Dort lag sie völlig erschöpft und sah abermals einen wahren Sternenregen, bevor sie erneut ohnmächtig wurde. Sumsi hatte sich aus dem Staub gemacht. Von ihrer Wenigkeit war nichts mehr zu sehen. Als Punktinchen auf der Suche nach saftigen Gräsern des Weges kam, sah es die total geschaffte Eule auf dem Moos liegen. "Was ist denn mit dir los? Hast du etwa einen Baum geküsst?", wollte das sanfte Reh wissen. Agathe warf Punktinchen einen bitterbösen Blick zu und erzählte ihm die Geschichte, die ich euch vorhin auch erzählt habe. Punktinchen lachte über die Erzählung der Eule, während diese vor Wut kochte. Das konnte das Reh ganz deutlich an den Dampfwolken sehen, die aus Agathes Ohren krochen. Vorsichtshalber ging Punktinchen ein paar Schritte zurück. "Ich finde das nicht komisch", beschwerte sich Agathe und strich sich prüfend über eine dicke Beule an ihrem Kopf. "Entschuldigung", Punktinchens schlechtes Gewissen meldete sich. "Komm mit mir, ich lade dich auf einen Tee und ein Stück Kuchen ein", schlug das Reh vor. Das ließ sich hören. Agathe stellte das Jammern ein und nahm die Einladung dankend an, denn sie konnte eine Stärkung dringend gebrauchen.

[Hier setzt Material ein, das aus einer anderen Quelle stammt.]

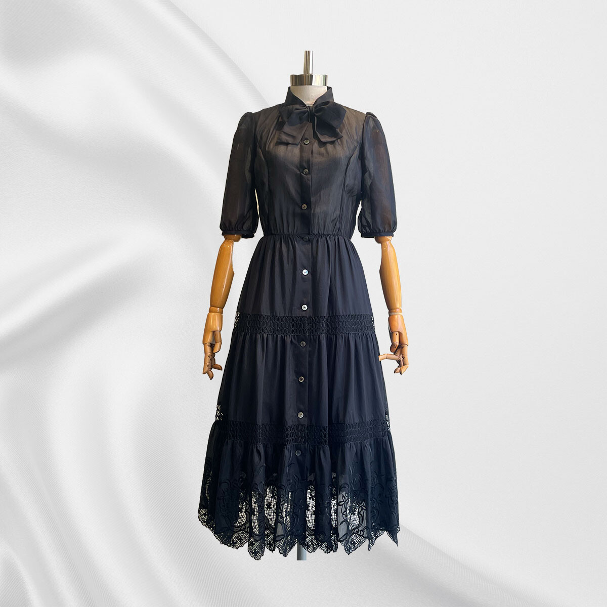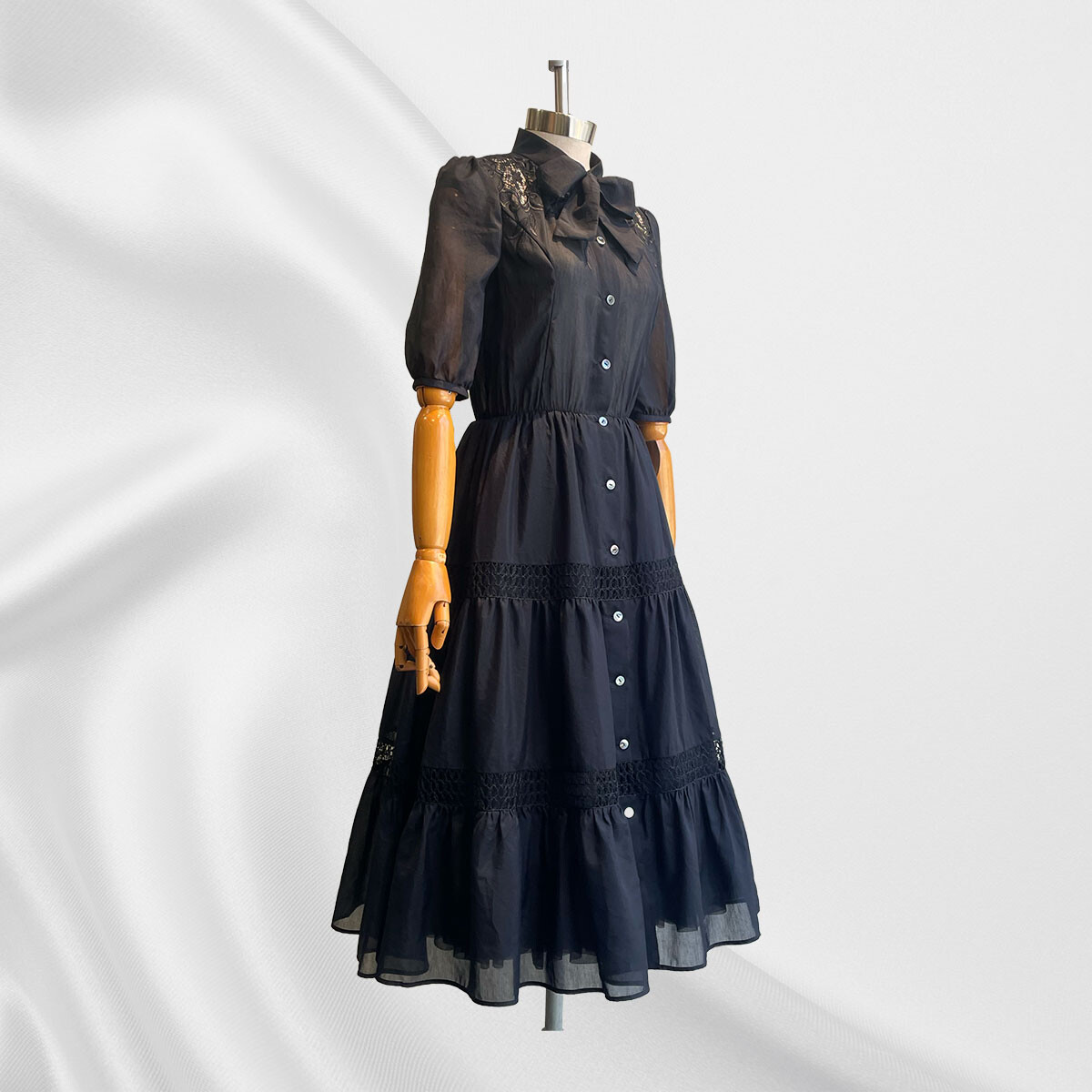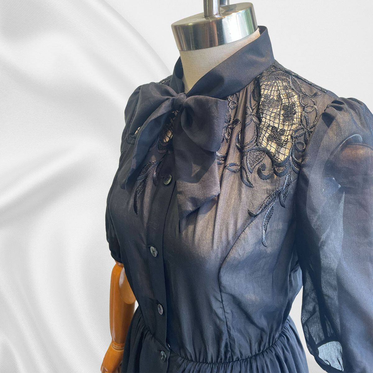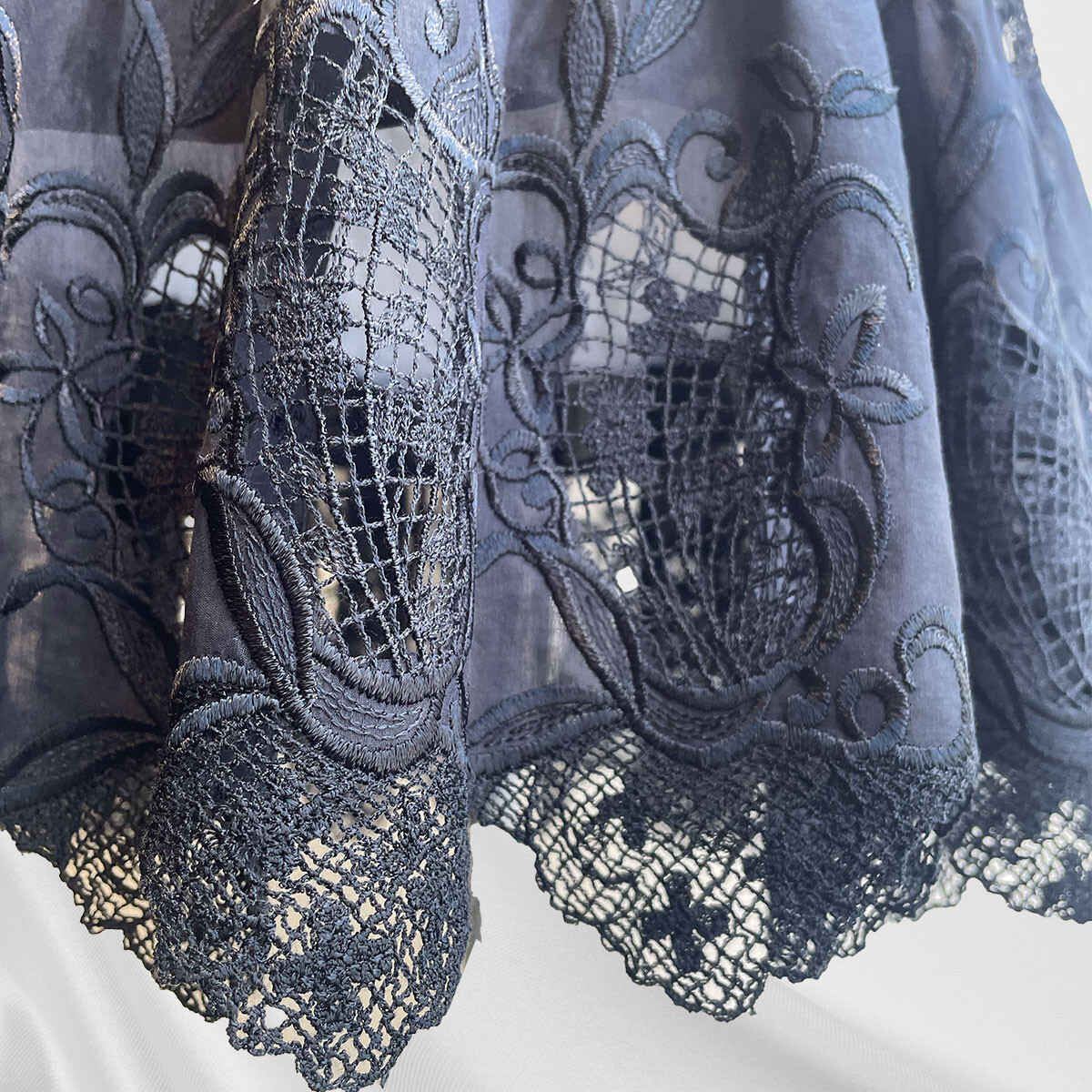 刺繍が施されたコットンシルクの薄い透ける生地で制作しました。
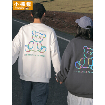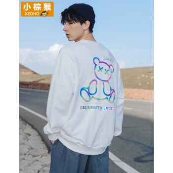 小棕猴 长袖圆领卫衣男秋季宽松白色炫彩反光潮牌小熊新款长袖T恤男宽松潮ins港风情侣卫衣男 G3045本白色 L |

Im Moosunterschlupf war es sehr gemütlich. Überall lagen weiche Graskissen und Moosdecken. Punktinchen brachte ein Tablett mit den gefüllten Teeschalen und einen großen Teller frischen Streuselkuchen. Die Eule langte kräftig zu und das Reh hatte schon Angst, dass der Kuchen nicht reichen würde. So sehr hatte diese vermaledeite Fliege Agathe geschafft. Da wurde ihre Ruhe durch ein leises Summen gestört. Niemand anderes als Sumsi hatte sich zum gemütlichen Teestündchen eingefunden. Und nun begann sie von Neuem die arme Eule zu umschwirren. Aber auch das Reh untersuchte sie aufmerksam. Doch anders als Agathe störte sich Punktinchen nicht im geringsten daran. Ruhig ließ es Sumsi auf sich sitzen. Als die Fliege merkte, dass sie das Reh nicht ärgern konnte, flog sie wieder zu Agathe und kroch ihr ins Ohr. Die Eule drehte den Kopf wild in alle Himmelsrichtungen und die freche Fliege konnte sich nicht mehr halten. Sie stürzte kopfüber in Agathes Pfefferminztee. Nun war sie gefangen. Sumsi strampelte mit ihren Beinchen und schwamm verzweifelt um ihr Leben. Doch Agathe hatte die Nase nun endgültig voll. Sie stürzte den Tee samt Fliege in einem einzigen Zug hinunter. "Jetzt hast du endlich ausgeblinzelt. Du warst zwar klein, aber geschmacklich ganz groß", murmelte sie zufrieden und strich sich mit ihren Flügeln über ihren vollgefressenen Bauch. Das war das Ende von Sumsi und auch von dieser Geschichte, denn so ganz ohne Fliege kann ich sie nicht weitererzählen.